Other negotiations require participants to debate job salary and benefits, reenact apartment building board disagreements, or sell their family business to a larger corporation.
“Students get very invested in the negotiations, sometimes pretty emotionally,” Keysar said. “Once they do it, they really want to understand why they acted one way and someone else acted another.”
In his lectures, Keysar draws from other psychologists of negotiation to discuss topics such as power’s influence on negotiation, honesty in negotiations and how to maximize the earnings for each side.
Keysar also stresses the value of cooperation in order to maximize both sides’ gains.

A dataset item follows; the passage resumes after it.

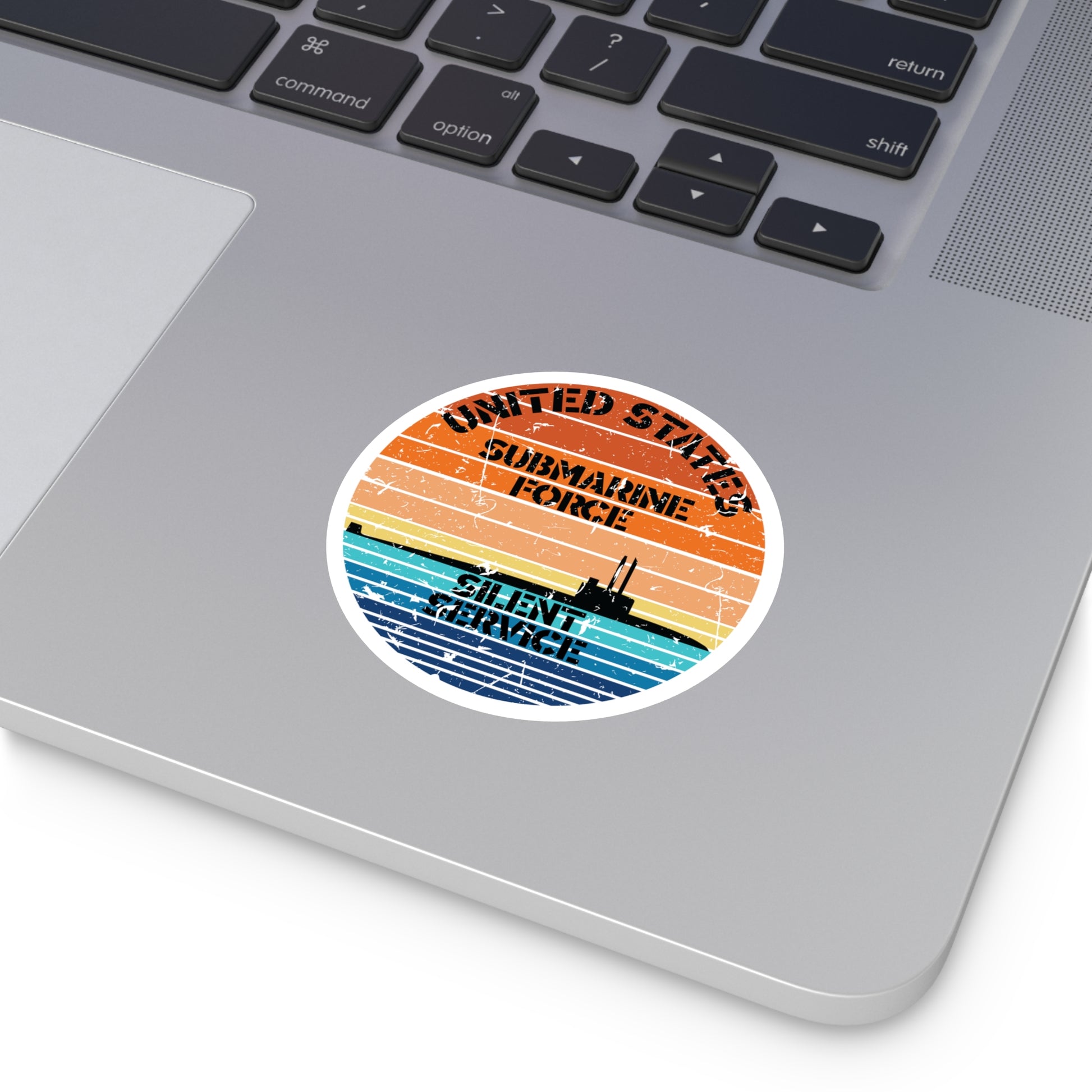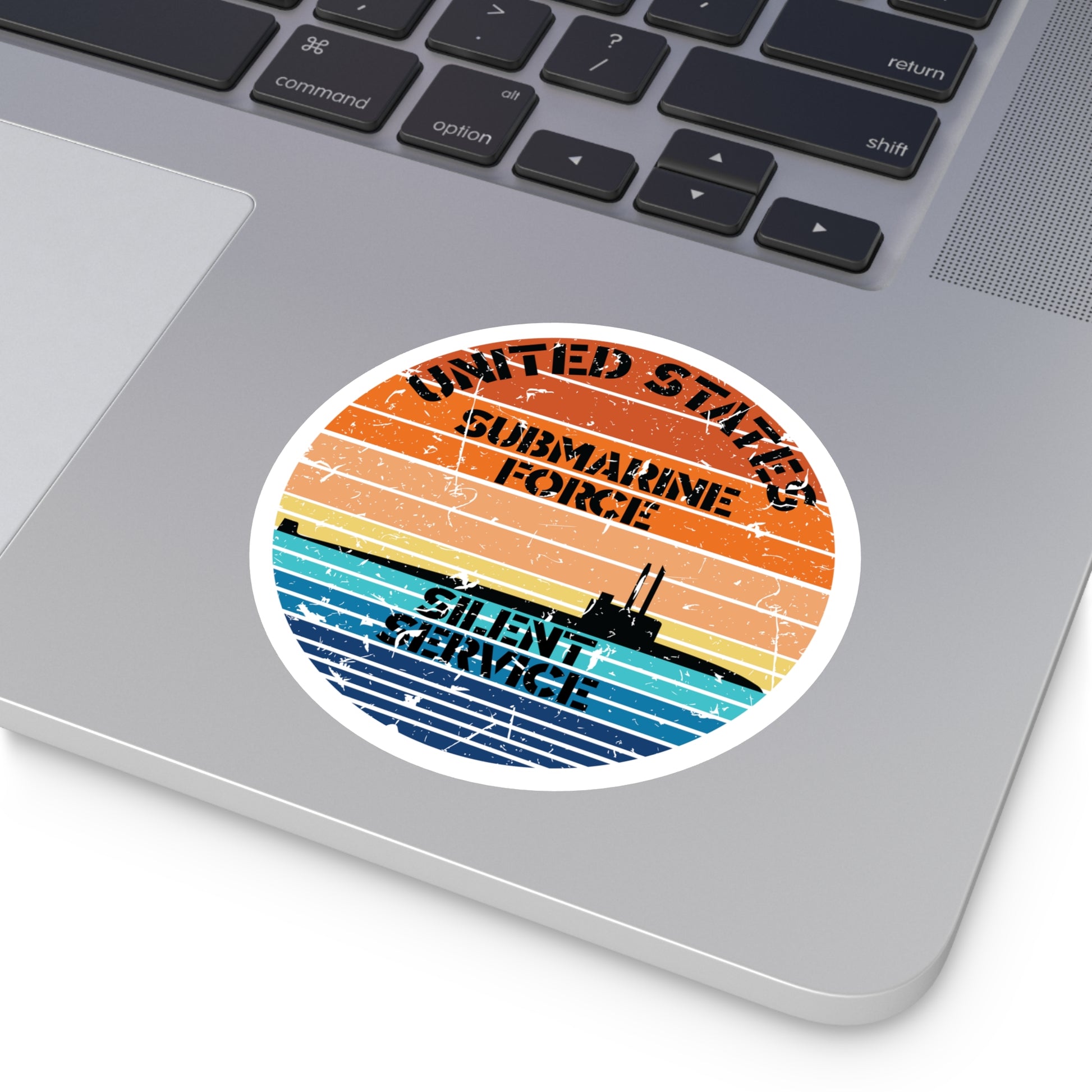Sunset United States Submarine Force Silent Service Distressed Round Sticker

George Hagle, a fourth-year history and political science major, explained that the course has helped him understand the “roots of disagreements and the formation of compromise,” allowing him to understand the importance of cooperation to gaining mutual benefit.
This shift in mindset is one of the key transformations students experience: They no longer see negotiation as a battle of wills, but as an opportunity to identify the other’s priorities and establish an agreement that accounts for both.
The negotiation exercises also allow students to develop tangible skills while also building camaraderie.
“This is one of the rare classes I've taken where, even though it's a bigger lecture, there's a cohesive community,” Hagle said. “I attribute that to the interactive nature of the class and the method of teaching.”
‘Monumental’ takeaways
Ultimately, students come to the course with varying levels of experience with psychology but leave with both intellectual and applicable understanding.
Keysar frequently receives emails from students who previously took the course, explaining how understanding the psychology has helped them practically, he said.